-- ASSIGNMENT --
Could you repeat the entries below exactly, but only from the line with "corelle Bowls (4)." through the line with "(세종=포커스뉴스) 강호인 국토교통부장과이", and without any picture?

-- EXERCISE DATA --

::::

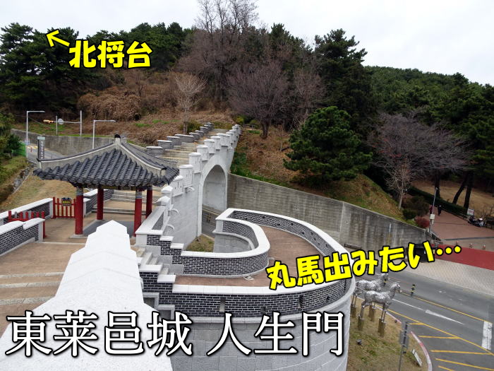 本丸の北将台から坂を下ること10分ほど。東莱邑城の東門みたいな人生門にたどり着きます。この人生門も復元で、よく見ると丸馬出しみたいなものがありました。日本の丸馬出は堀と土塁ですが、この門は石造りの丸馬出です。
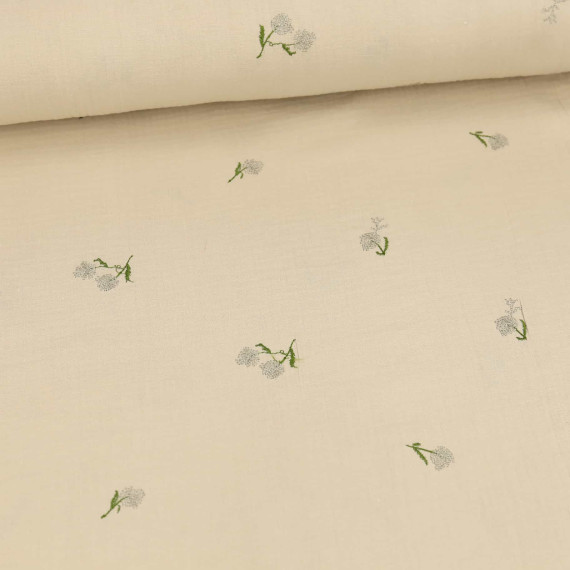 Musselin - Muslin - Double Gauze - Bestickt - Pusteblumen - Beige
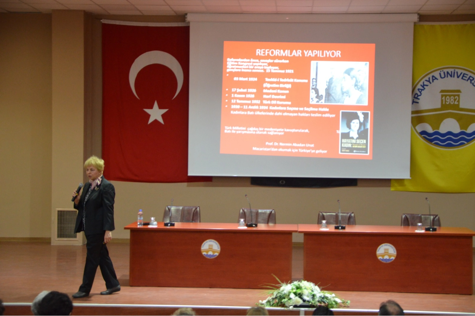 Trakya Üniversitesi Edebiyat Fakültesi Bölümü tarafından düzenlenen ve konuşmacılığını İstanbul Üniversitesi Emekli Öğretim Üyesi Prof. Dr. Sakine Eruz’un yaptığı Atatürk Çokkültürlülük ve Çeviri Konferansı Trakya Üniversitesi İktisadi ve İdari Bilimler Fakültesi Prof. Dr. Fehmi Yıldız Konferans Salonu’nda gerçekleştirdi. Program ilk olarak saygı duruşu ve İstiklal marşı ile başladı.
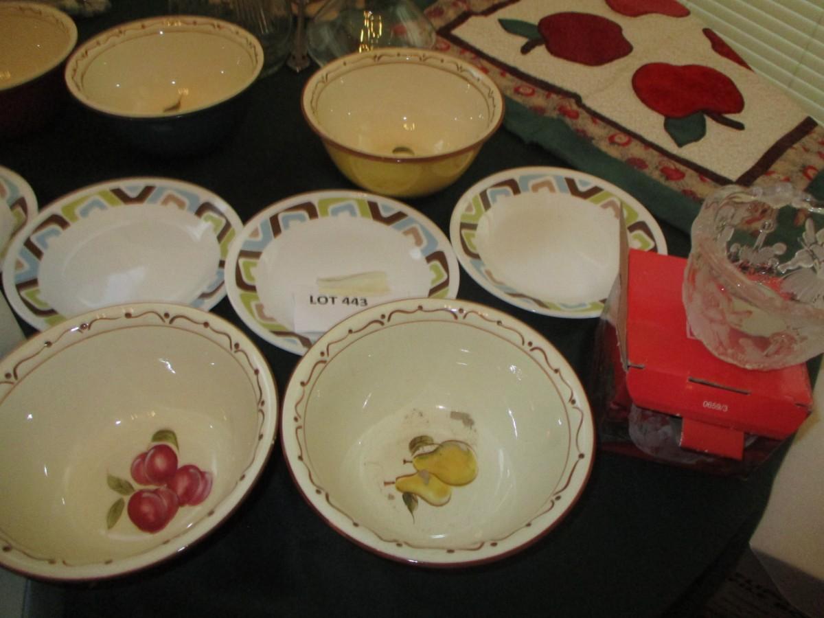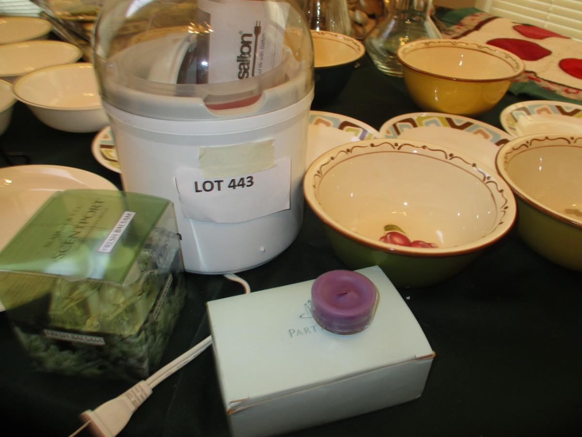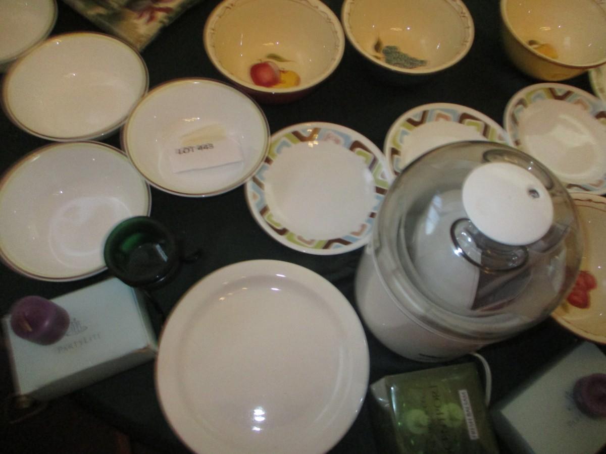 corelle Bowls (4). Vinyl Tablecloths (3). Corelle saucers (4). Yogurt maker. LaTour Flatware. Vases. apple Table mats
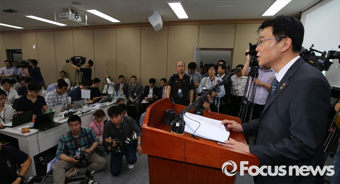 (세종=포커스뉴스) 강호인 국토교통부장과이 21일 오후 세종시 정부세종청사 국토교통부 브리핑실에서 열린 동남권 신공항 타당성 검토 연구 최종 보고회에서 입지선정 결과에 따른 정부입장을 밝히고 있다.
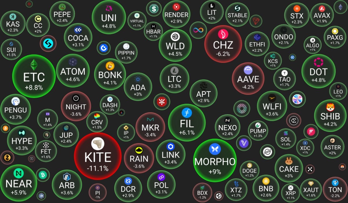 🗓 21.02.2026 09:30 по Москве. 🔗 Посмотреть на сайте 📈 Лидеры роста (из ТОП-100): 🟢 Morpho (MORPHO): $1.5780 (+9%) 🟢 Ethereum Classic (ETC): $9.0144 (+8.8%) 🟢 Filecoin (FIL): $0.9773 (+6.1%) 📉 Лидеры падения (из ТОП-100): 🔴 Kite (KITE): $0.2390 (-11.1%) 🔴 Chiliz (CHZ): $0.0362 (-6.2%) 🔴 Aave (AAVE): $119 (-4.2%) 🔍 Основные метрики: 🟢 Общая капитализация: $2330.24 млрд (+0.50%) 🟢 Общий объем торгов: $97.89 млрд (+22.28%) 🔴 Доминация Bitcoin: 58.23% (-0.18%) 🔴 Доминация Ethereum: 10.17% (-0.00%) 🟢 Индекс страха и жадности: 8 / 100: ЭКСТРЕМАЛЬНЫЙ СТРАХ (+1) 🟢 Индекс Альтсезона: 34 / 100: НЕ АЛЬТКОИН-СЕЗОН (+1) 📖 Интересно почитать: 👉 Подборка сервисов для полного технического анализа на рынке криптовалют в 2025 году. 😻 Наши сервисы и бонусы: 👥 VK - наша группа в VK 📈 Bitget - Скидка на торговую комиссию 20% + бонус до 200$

::::

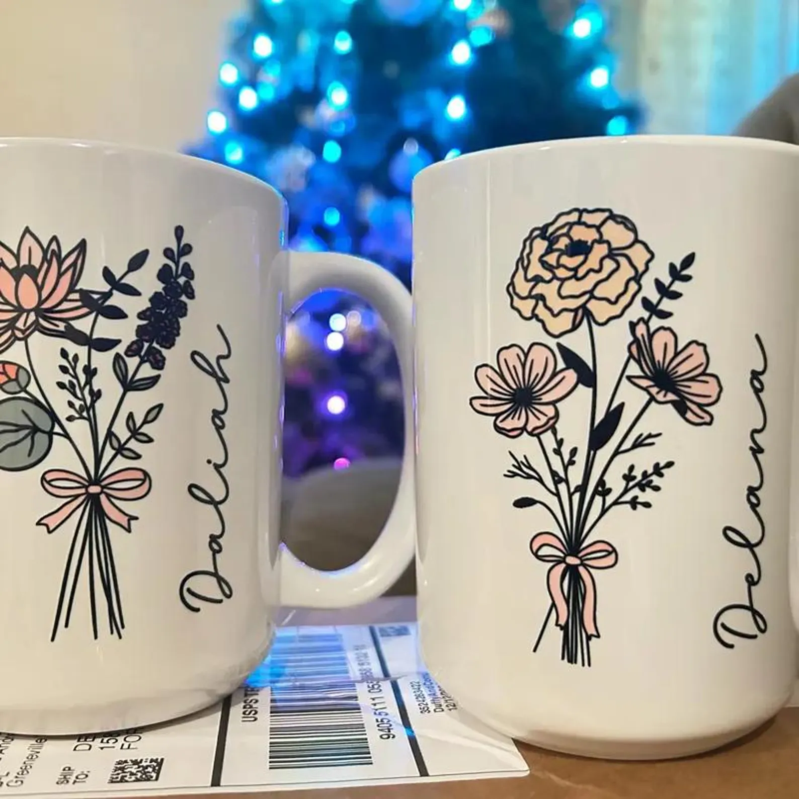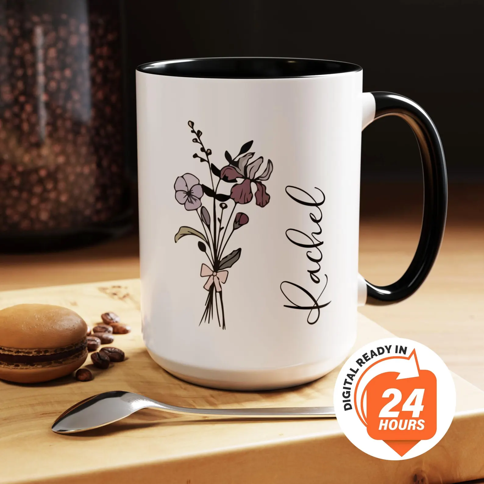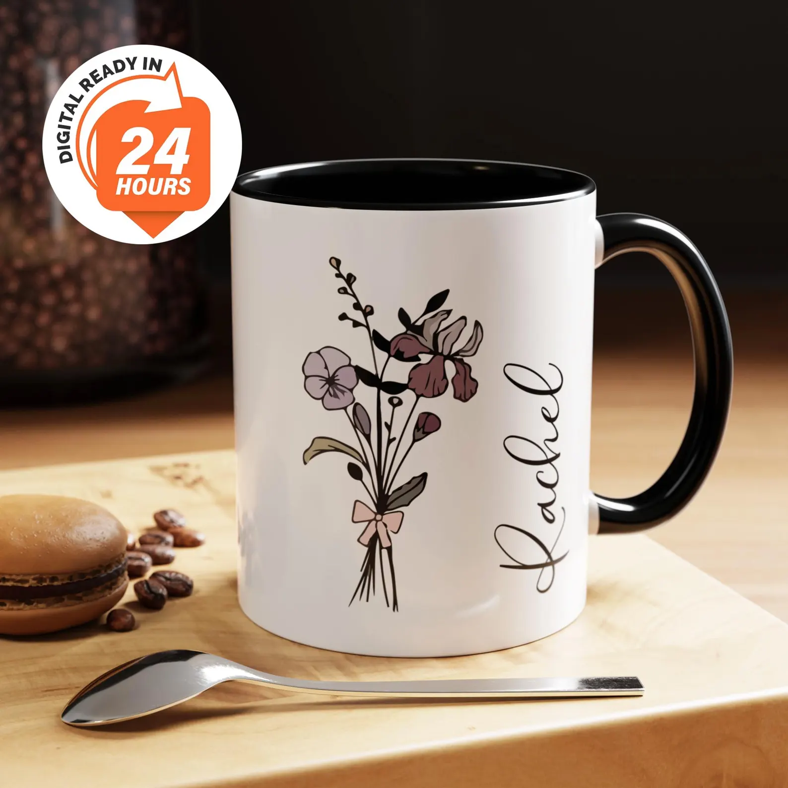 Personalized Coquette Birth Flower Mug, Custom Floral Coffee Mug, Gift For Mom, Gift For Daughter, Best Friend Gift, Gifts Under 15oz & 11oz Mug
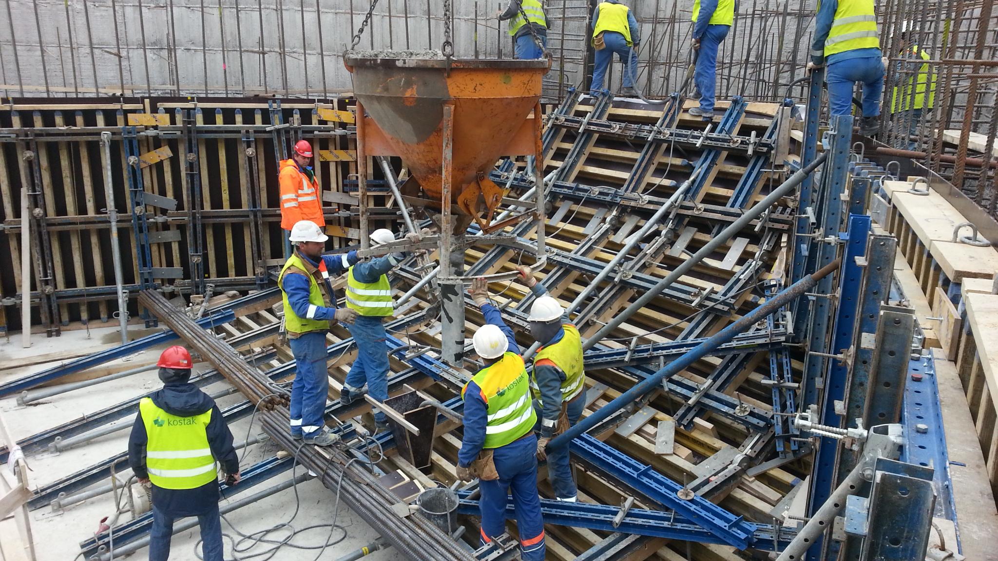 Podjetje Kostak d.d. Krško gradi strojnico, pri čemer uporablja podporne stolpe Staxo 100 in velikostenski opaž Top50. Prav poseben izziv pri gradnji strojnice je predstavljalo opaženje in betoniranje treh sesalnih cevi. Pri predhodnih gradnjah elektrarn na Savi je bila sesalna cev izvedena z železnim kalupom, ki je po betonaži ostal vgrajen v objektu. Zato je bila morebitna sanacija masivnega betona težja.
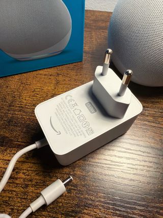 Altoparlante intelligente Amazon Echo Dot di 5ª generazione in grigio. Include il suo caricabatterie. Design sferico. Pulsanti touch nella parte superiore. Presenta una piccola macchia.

::::

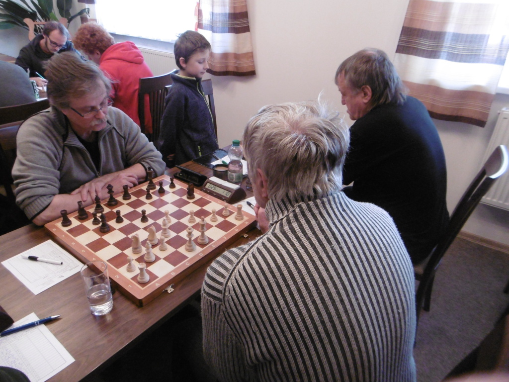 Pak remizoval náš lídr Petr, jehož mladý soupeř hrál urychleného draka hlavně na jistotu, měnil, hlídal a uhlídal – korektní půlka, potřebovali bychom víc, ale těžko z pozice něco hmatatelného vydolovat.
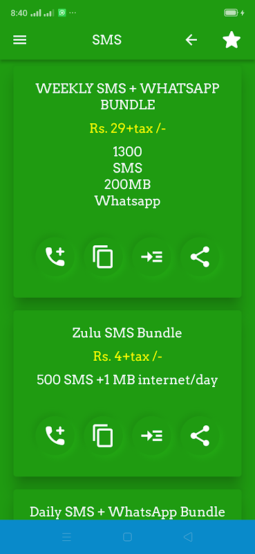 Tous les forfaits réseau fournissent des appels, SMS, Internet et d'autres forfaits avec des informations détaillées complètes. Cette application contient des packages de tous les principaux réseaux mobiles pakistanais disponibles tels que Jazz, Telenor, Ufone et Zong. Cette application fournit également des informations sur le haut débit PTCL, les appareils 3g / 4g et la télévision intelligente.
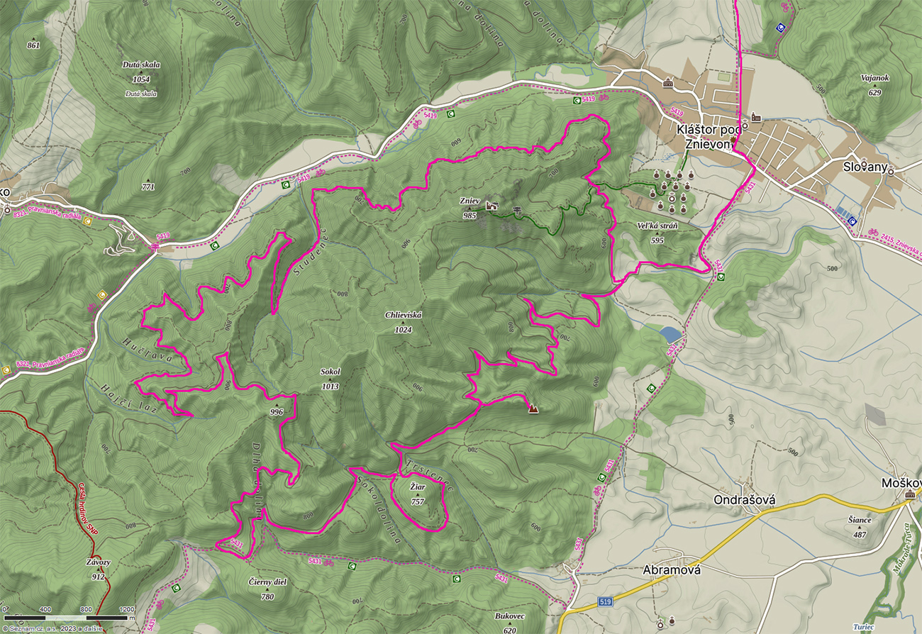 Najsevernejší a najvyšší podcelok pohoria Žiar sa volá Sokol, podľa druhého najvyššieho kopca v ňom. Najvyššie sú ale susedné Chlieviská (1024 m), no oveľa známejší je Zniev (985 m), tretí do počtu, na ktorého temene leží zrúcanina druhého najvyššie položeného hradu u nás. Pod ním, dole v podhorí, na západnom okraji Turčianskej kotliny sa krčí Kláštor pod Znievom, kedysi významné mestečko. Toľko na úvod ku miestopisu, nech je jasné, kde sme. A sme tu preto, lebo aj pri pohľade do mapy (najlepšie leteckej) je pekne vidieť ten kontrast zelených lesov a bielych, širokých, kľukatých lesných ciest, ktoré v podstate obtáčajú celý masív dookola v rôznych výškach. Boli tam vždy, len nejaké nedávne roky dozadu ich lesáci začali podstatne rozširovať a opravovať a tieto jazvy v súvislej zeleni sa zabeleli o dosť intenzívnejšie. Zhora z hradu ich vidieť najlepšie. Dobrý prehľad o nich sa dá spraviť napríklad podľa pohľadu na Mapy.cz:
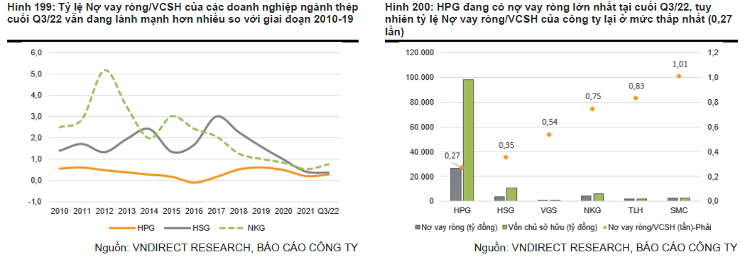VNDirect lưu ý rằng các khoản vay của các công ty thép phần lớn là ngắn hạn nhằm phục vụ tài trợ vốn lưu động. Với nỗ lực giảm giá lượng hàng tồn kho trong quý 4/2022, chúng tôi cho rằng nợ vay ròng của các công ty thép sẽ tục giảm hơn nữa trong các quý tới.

::::

-- TASK ANSWER --
 corelle Bowls (4). Vinyl Tablecloths (3). Corelle saucers (4). Yogurt maker. LaTour Flatware. Vases. apple Table mats
 (세종=포커스뉴스) 강호인 국토교통부장과이 21일 오후 세종시 정부세종청사 국토교통부 브리핑실에서 열린 동남권 신공항 타당성 검토 연구 최종 보고회에서 입지선정 결과에 따른 정부입장을 밝히고 있다.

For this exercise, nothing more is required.